Em 1994 eu tinha dez anos e morava no interior do Rio Grande do Sul. Minha tia Rosana, percebendo que eu tinha começado a estudar inglês e estava empolgado com aquilo, me deu uma edição da Speak Up — aquela revista que vinha com uma fita cassete para treinar o ouvido nas matérias.
A matéria que eu mais ouvi e reli foi sobre o túnel sob o Canal da Mancha e o Eurostar, o trem-bala que ligaria a Inglaterra à França por baixo do mar. Para um menino do interior que mal tinha saído do estado, aquilo era ficção científica. Lembro de pensar, sem nenhum plano de como: um dia eu vou andar nesse trem.
Vinte e oito anos depois, embarquei em Londres com destino a Paris, no Eurostar. Não foi uma viagem qualquer — eu carregava aquele menino comigo.
Conto isso menos pela viagem e mais pela tia Rosana.

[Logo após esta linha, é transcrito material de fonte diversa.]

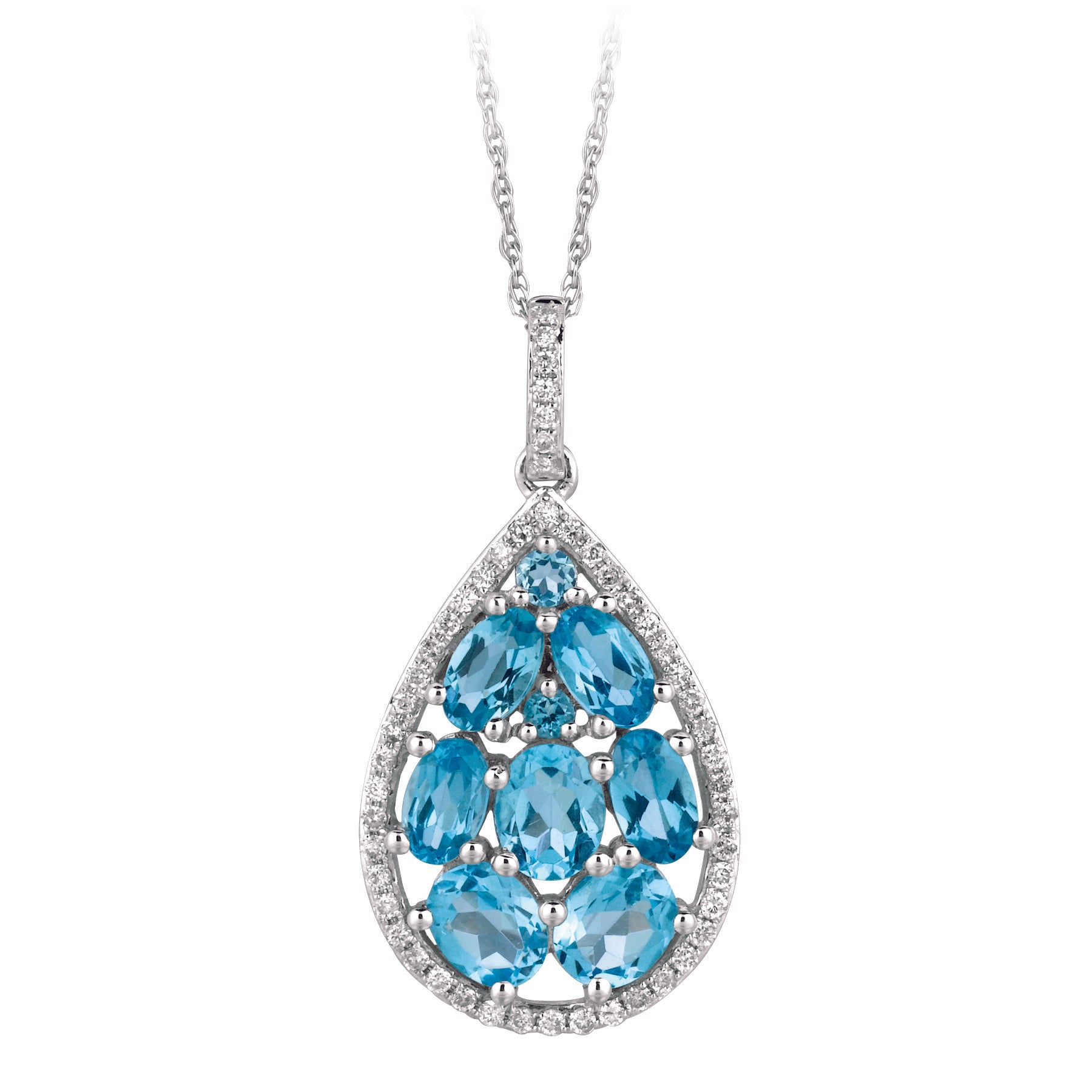 14k White Gold 2.70ctw Blue Topaz and Diamond Pendant
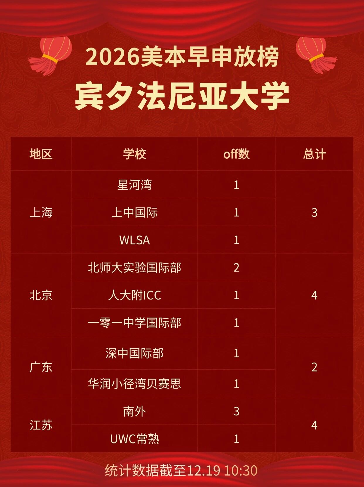✅宾夕法尼亚大学向中国大陆学生发放了13枚offer,北京、江苏各4枚、上海3枚,广东2枚;
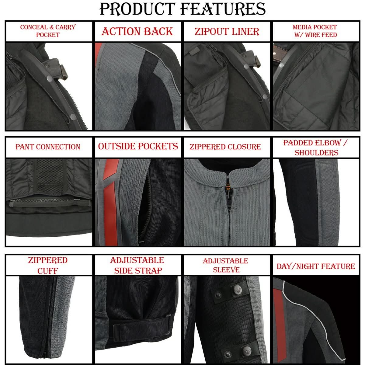 Milwaukee Leather MPM1752 Men's Black/Grey Textile and Mesh Armored Motorcycle Biker Racing Jacket
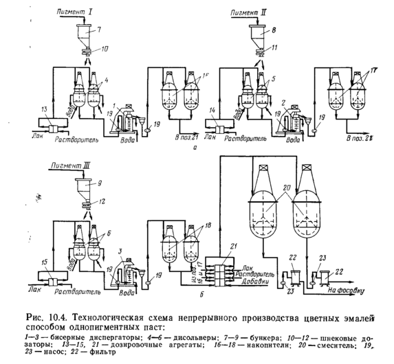 По одному из них диспергированию в растворе полимера (лака) подвергается вся смесь пигментов, предусмотренная по рецептуре; при этом получается пигментная паста, соответствующая по цвету приготавливаемой эмали (способ цветных паст). По другому способу каждый пигмент (или смесь пигментов одного цвета) отдельно диспергируют в лаке, в результате чего получают разноцветные одиопигментные (или одноколерные) пасты, которые смешивают при составлении эмали (способ одиопигментных паст). По третьему способу вначале также получают однопигментные (или одноколерные) пасты, после чего их разбавляют (лаком, растворителем) до вязкости, близкой к вязкости готовой эмали, и только после этого смешивают в соотношениях, зависящих от цвета приготавливаемой эмали. Разбавленные одиопигментные (одноколерные) пасты обычно называют однопигментными полуфабрикатными эмалями. Этот способ используют редко, так как для его проведения требуется много вспомогательного оборудования.
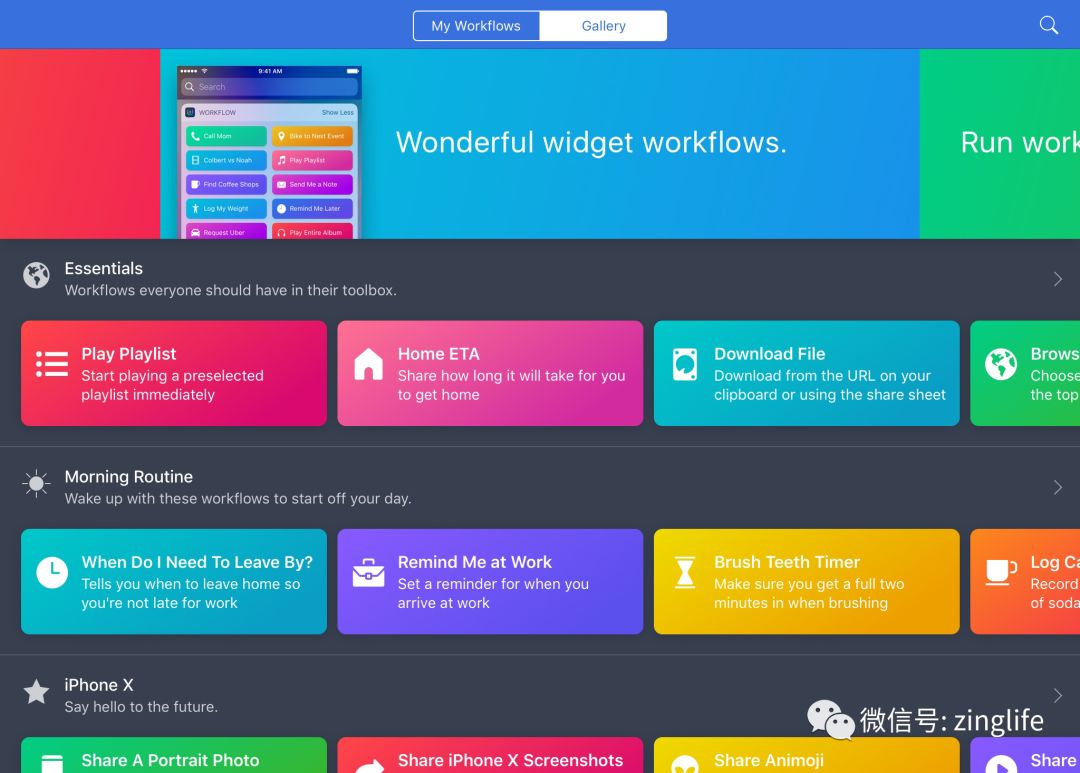 点击旁边「Gallery」则可以浏览到更多预先设计好的「Workflow」,后面我们还会聊到其中一些有趣的设计。

Ela não me deu um presente caro nem uma grande lição. Ela reparou. Percebeu um interesse pequeno no momento certo e o alimentou com uma revista e uma fita. Foi suficiente para acender algo que durou quase três décadas.
É isso que aprendi a valorizar olhando para trás: o imaginário de uma criança é enorme, e quase sempre o que falta não é talento — é alguém que perceba e aposte naquilo a tempo. Hoje, como pai e como gestor, tento ser esse tipo de gente: o que repara no interesse do outro antes mesmo que ele saiba nomeá-lo.
Obrigado, tia Rosana. O trem chegou.